Stored entries

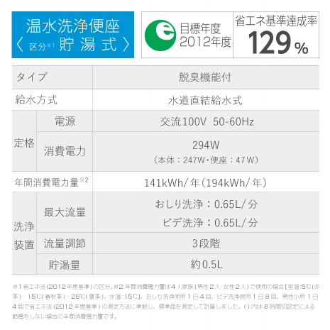・暖房便座標準表面温度:切…室温、〔3段切換〕低…約29℃(約29℃)/中…約33℃(約30℃)/高…約37℃(約33℃)
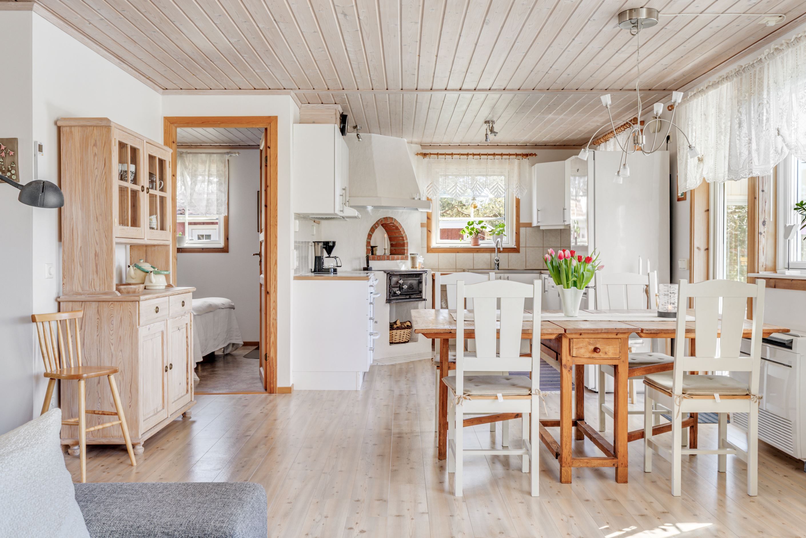 Invändigt möts du av en modern och genomtänkt planlösning där kök och vardagsrum samspelar i en öppen, social yta – idealisk för både vardagsliv och umgänge. Köket är stilrent och funktionellt utformat, med en vacker vedspis som både skapar värme och fungerar som en naturlig samlingspunkt. Här finns två rogivande sovrum samt ett badrum utrustat med tvättmaskin för en bekväm vardag. Med kommunalt VA och moderna bekvämligheter får du det bästa av två världar – naturens lugn och hemmets funktionalitet.
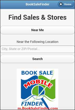 Touch 'Near Me' to find book sales and book stores within 50 miles! Your device may ask if it's OK to use your current position - just touch yes.
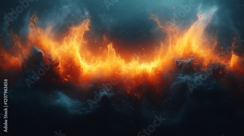 fire, flames, eruption, volcano, abstract, art, artwork, digital, painting, texture, background, orange, red, yellow, blue, dark, night, sky, smoke, dust, particle, energy, power, intense, heat, light, glow, bright, cosmic, mystical, fantasy, surreal, dramatic, vibrant, explosive, dynamic, majestic, spectacle, powerful, awesome, incredible, beautiful, amazing
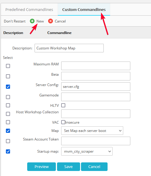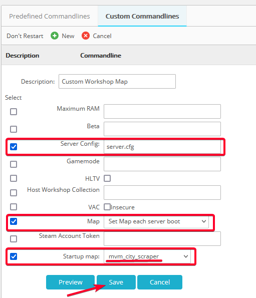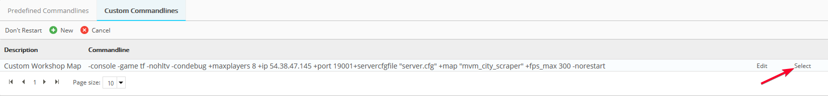 - Once you have saved the command line, you will need to select it for the server to run using that command line and the new map you selected using the 'select' button next to the command line.
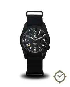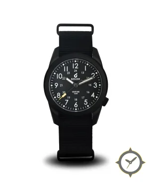 Eine Field-Uhr mit einem 32.5mm Gehäuse im Vintage-Stil gefertigt aus Edelstahl mit einem Zifferblatt in schwarz und einer besonderen "matte"-Oberfläche.
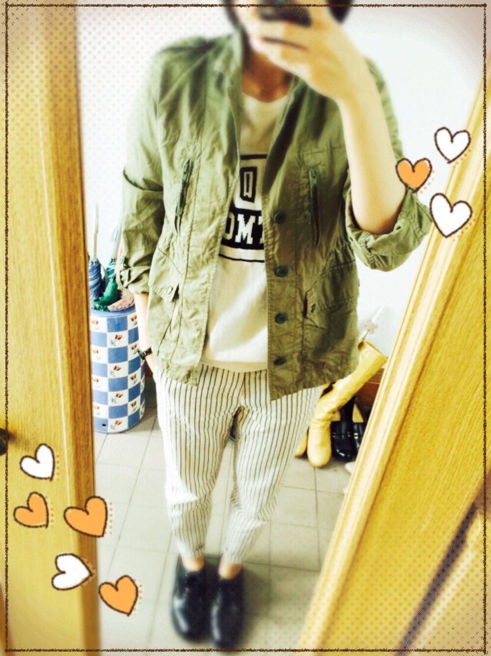 いーとものパンツ「ドビーストライプテーパードパンツ」を使ったコーディネート
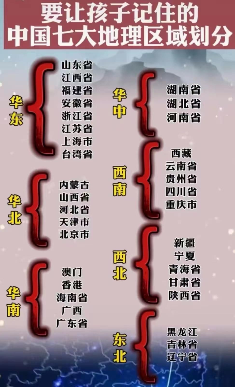 要让孩子们记住的,中国的七大地理区域划分,需要的朋友们可收藏哦!
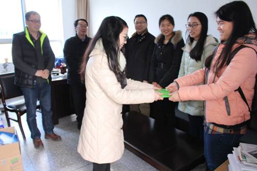 商务策划学院党总支书记邓德敏、院长骆东奇、党总支副书记叶海林分别向学生处及勤工书报亭表示感谢,感谢学生处领导和老师以及爱心书报亭的师生对商策的患病学生冯晓关怀和帮助。
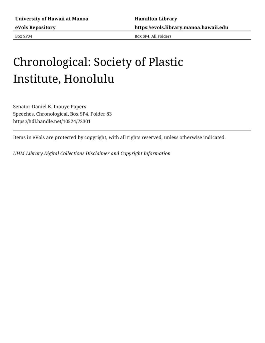 Society of Plastic Institute, Honolulu, May 15, 1981, MANUSCRIPT-HCPC00011, Speeches, Chronological, Box SP4, Folder 83, Senator Daniel K. Inouye Papers, Hawaiʻi Congressional Papers Collection, University of Hawaiʻi at Mānoa Library, Honolulu, HI. https://omekas-congress.lib.wvu.edu/catalog/10524_72301 (accessed April 21, 2026).
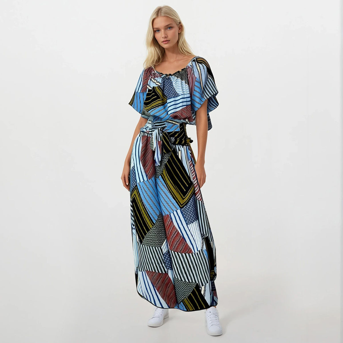 Butterfly Jumpsuit Off Shoulder Patchwork Print
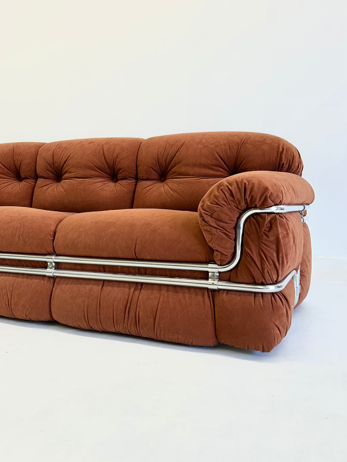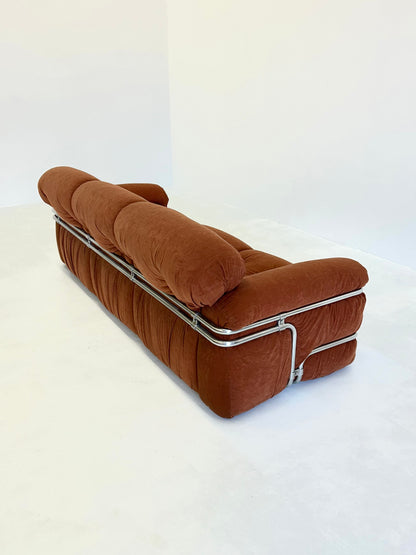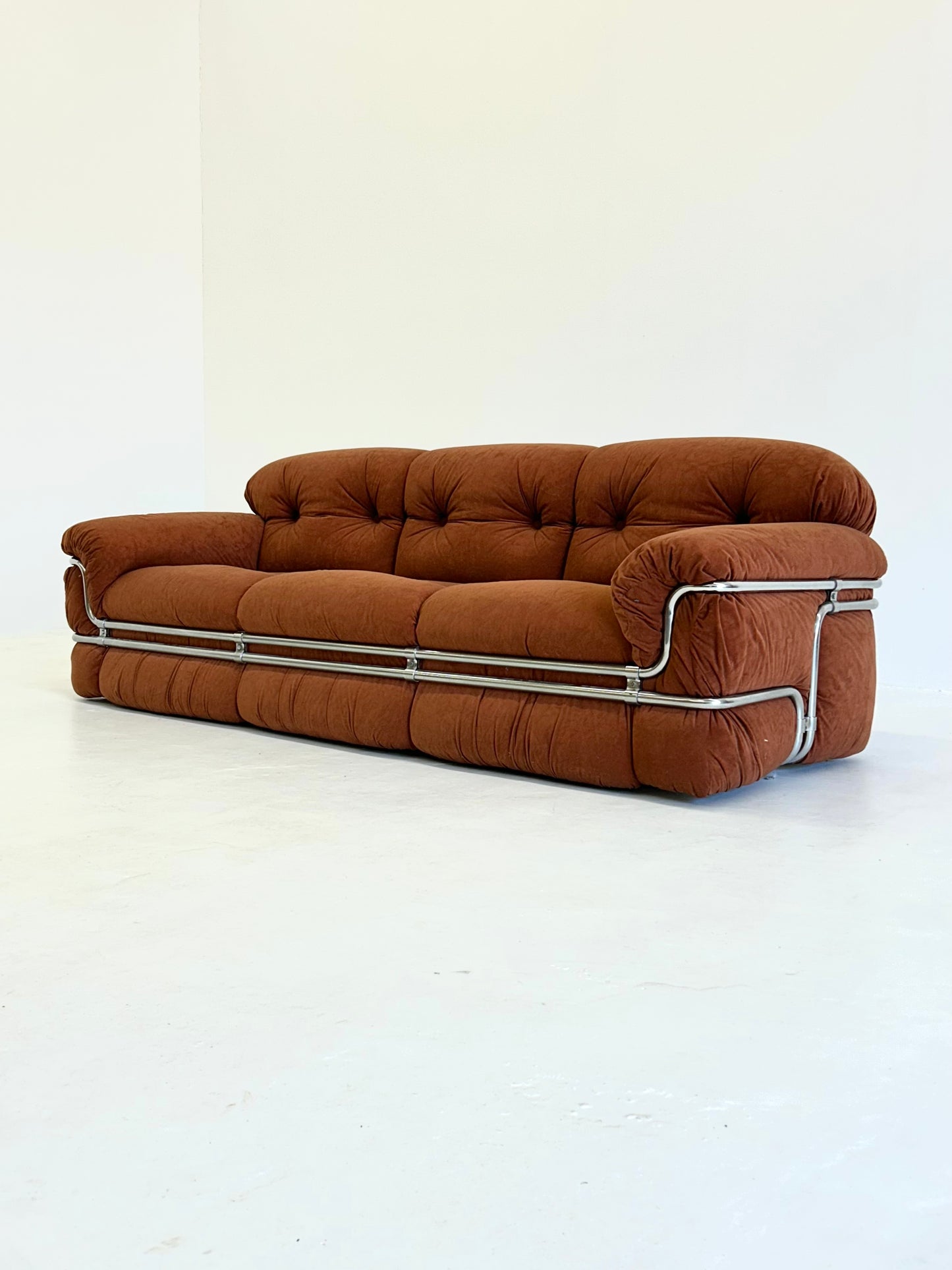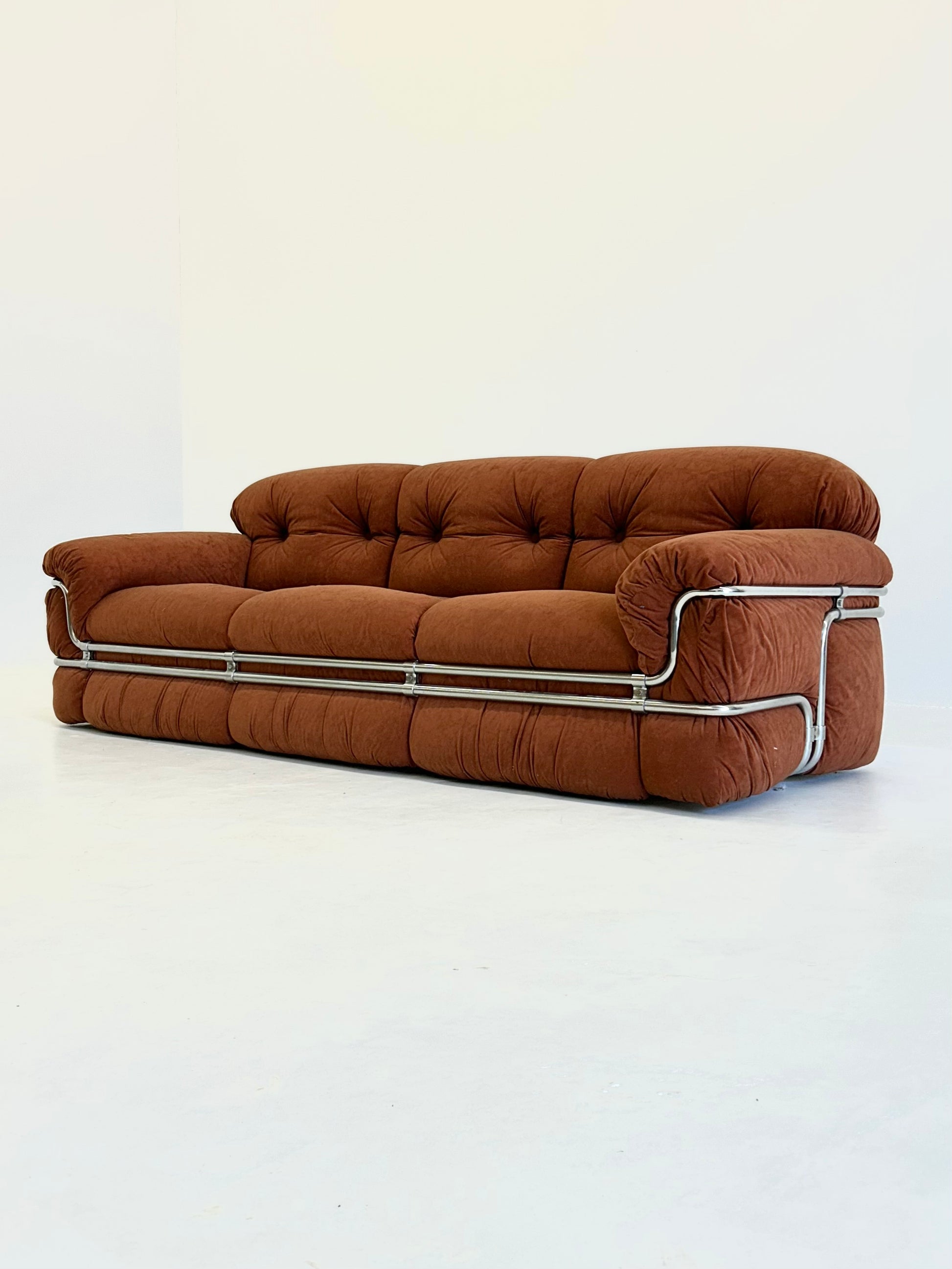 Deze 3-zit bank, ontworpen door Adriano Piazzesi in de jaren '70, is een prachtig voorbeeld van zijn vooruitstrevende benadering van meubeldesign. Piazzesi combineerde zijn architectonische achtergrond met zijn passie voor het creëren van meubels die zowel functioneel als esthetisch aantrekkelijk zijn. Het resultaat is een bank met zachte, ronde vormen en een chrome frame, dat zowel speels als elegant oogt.
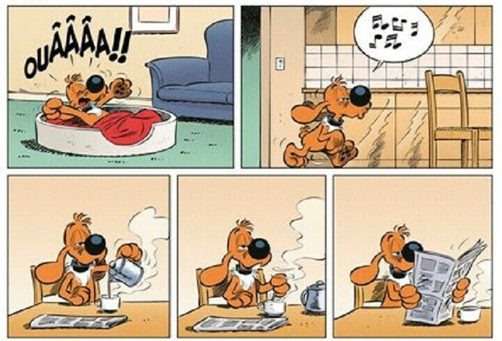 Dans ce nouvel opus, la peinture est omniprésente : de l’expo visitée pour éviter une averse, au talent de Boule à croquer sa mère ou son chien énergique. Mais l’art doit affronter un fléau, celui de la télé. Un média qui sévit aussi dans cette maison, où tout le monde ne peut pas choisir le programme qu’il souhaite. Il faut dire que quand on est un chien capable de jouer aux échecs, de lire le journal, on est en droit d’attendre d’être traité comme un humain. Mais le veut-il vraiment ?
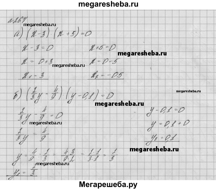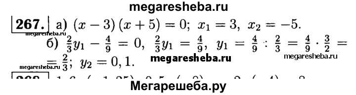 267. Решите уравнение: а) (х - 3) (х + 5) = 0; б) (2/3у - 4/9)(у - 0,1) = 0.
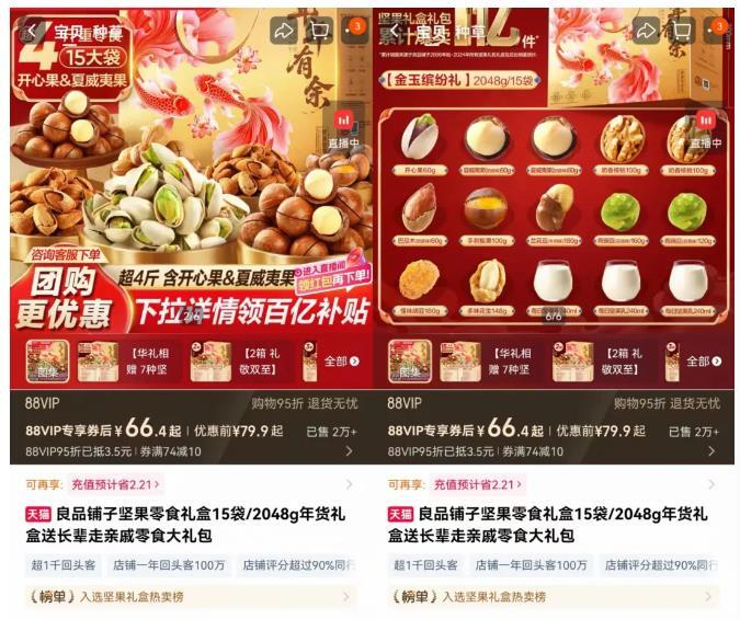 蓝框内的三款礼盒均不是纯坚果礼盒。 截图自电商平台。
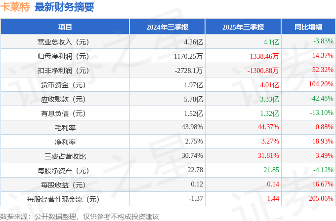 卡莱特(301391)2025年三季报简析:净利润同比增长14.37%,盈利能力上升
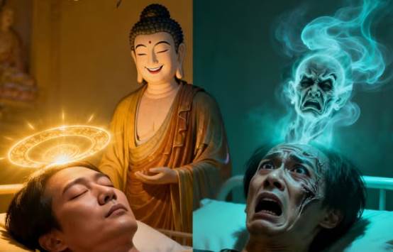 舉個真實的例子吧。一位老居士陳太太,一輩子吃齋念佛、平日功課從不落,甚至認為自己一定會被阿彌陀佛接引。可這位陳太太在臨終前,最深愛的兒子從國外趕回來了,看著兒子痛哭,她心裡再也放不下了,嘴裡喊著兒子的名字、眼睜睜盯著門,最後甚至連佛號都不念了。結果呢?她的神識沒辦法隨善念走,而是被對兒子的牽掛所困,變成了癡守于兒子的幻影,再求佛號已是奢望。
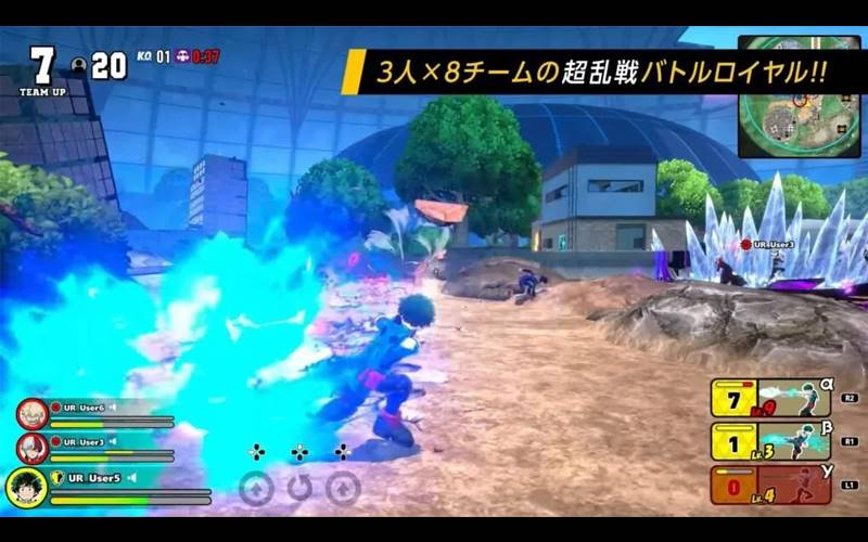 Entre no mundo cheio de ação de “My Hero Ultra Rumble”, inspirado na amada série “My Hero Academia”. Experimente intensas batalhas de Battle Royale com 24 jogadores em diversos cenários como U.A. Island. Comande personagens com Quirks distintos, colabore com sua equipe e adapte seus heróis para o sucesso!
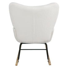 Teddy fabric rocking chair, cushioned rocking chair with high backrest, modern rocking chair, white
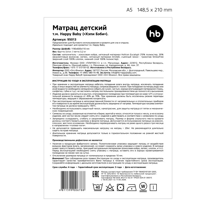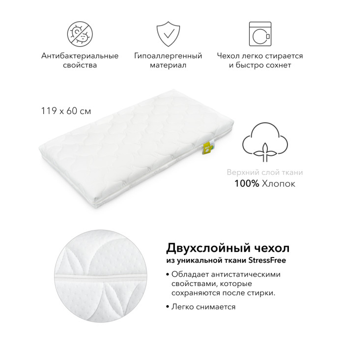 Стеганный двухслойный чехол матраса - съемный, легко стирается в машинке и быстро сохнет. Он изготовлен из уникальной ткани StressFree, обладающей антистатическими свойствами, которые сохраняются после стирки. Верхний слой ткани - 100% хлопок высшего качества, для стежки чехла использован гипоаллергенный материал Hollcon, способный регулировать температуру и сохранять форму. Этот матрас идеально подходит для кроватки HappyBaby.

-- WHAT YOU WILL DO --
Set down each entry above word for word, without its pictures.

-- ANSWER TO THIS PROBLEM --
・暖房便座標準表面温度:切…室温、〔3段切換〕低…約29℃(約29℃)/中…約33℃(約30℃)/高…約37℃(約33℃)
 Invändigt möts du av en modern och genomtänkt planlösning där kök och vardagsrum samspelar i en öppen, social yta – idealisk för både vardagsliv och umgänge. Köket är stilrent och funktionellt utformat, med en vacker vedspis som både skapar värme och fungerar som en naturlig samlingspunkt. Här finns två rogivande sovrum samt ett badrum utrustat med tvättmaskin för en bekväm vardag. Med kommunalt VA och moderna bekvämligheter får du det bästa av två världar – naturens lugn och hemmets funktionalitet.
 Touch 'Near Me' to find book sales and book stores within 50 miles! Your device may ask if it's OK to use your current position - just touch yes.
 fire, flames, eruption, volcano, abstract, art, artwork, digital, painting, texture, background, orange, red, yellow, blue, dark, night, sky, smoke, dust, particle, energy, power, intense, heat, light, glow, bright, cosmic, mystical, fantasy, surreal, dramatic, vibrant, explosive, dynamic, majestic, spectacle, powerful, awesome, incredible, beautiful, amazing
 - Once you have saved the command line, you will need to select it for the server to run using that command line and the new map you selected using the 'select' button next to the command line.
 Eine Field-Uhr mit einem 32.5mm Gehäuse im Vintage-Stil gefertigt aus Edelstahl mit einem Zifferblatt in schwarz und einer besonderen "matte"-Oberfläche.
 いーとものパンツ「ドビーストライプテーパードパンツ」を使ったコーディネート
 要让孩子们记住的,中国的七大地理区域划分,需要的朋友们可收藏哦!
 商务策划学院党总支书记邓德敏、院长骆东奇、党总支副书记叶海林分别向学生处及勤工书报亭表示感谢,感谢学生处领导和老师以及爱心书报亭的师生对商策的患病学生冯晓关怀和帮助。
 Society of Plastic Institute, Honolulu, May 15, 1981, MANUSCRIPT-HCPC00011, Speeches, Chronological, Box SP4, Folder 83, Senator Daniel K. Inouye Papers, Hawaiʻi Congressional Papers Collection, University of Hawaiʻi at Mānoa Library, Honolulu, HI. https://omekas-congress.lib.wvu.edu/catalog/10524_72301 (accessed April 21, 2026).
 Butterfly Jumpsuit Off Shoulder Patchwork Print
 Deze 3-zit bank, ontworpen door Adriano Piazzesi in de jaren '70, is een prachtig voorbeeld van zijn vooruitstrevende benadering van meubeldesign. Piazzesi combineerde zijn architectonische achtergrond met zijn passie voor het creëren van meubels die zowel functioneel als esthetisch aantrekkelijk zijn. Het resultaat is een bank met zachte, ronde vormen en een chrome frame, dat zowel speels als elegant oogt.
 Dans ce nouvel opus, la peinture est omniprésente : de l’expo visitée pour éviter une averse, au talent de Boule à croquer sa mère ou son chien énergique. Mais l’art doit affronter un fléau, celui de la télé. Un média qui sévit aussi dans cette maison, où tout le monde ne peut pas choisir le programme qu’il souhaite. Il faut dire que quand on est un chien capable de jouer aux échecs, de lire le journal, on est en droit d’attendre d’être traité comme un humain. Mais le veut-il vraiment ?
 267. Решите уравнение: а) (х - 3) (х + 5) = 0; б) (2/3у - 4/9)(у - 0,1) = 0.
 蓝框内的三款礼盒均不是纯坚果礼盒。 截图自电商平台。
 卡莱特(301391)2025年三季报简析:净利润同比增长14.37%,盈利能力上升
 舉個真實的例子吧。一位老居士陳太太,一輩子吃齋念佛、平日功課從不落,甚至認為自己一定會被阿彌陀佛接引。可這位陳太太在臨終前,最深愛的兒子從國外趕回來了,看著兒子痛哭,她心裡再也放不下了,嘴裡喊著兒子的名字、眼睜睜盯著門,最後甚至連佛號都不念了。結果呢?她的神識沒辦法隨善念走,而是被對兒子的牽掛所困,變成了癡守于兒子的幻影,再求佛號已是奢望。
 Entre no mundo cheio de ação de “My Hero Ultra Rumble”, inspirado na amada série “My Hero Academia”. Experimente intensas batalhas de Battle Royale com 24 jogadores em diversos cenários como U.A. Island. Comande personagens com Quirks distintos, colabore com sua equipe e adapte seus heróis para o sucesso!
 Teddy fabric rocking chair, cushioned rocking chair with high backrest, modern rocking chair, white
 Стеганный двухслойный чехол матраса - съемный, легко стирается в машинке и быстро сохнет. Он изготовлен из уникальной ткани StressFree, обладающей антистатическими свойствами, которые сохраняются после стирки. Верхний слой ткани - 100% хлопок высшего качества, для стежки чехла использован гипоаллергенный материал Hollcon, способный регулировать температуру и сохранять форму. Этот матрас идеально подходит для кроватки HappyBaby.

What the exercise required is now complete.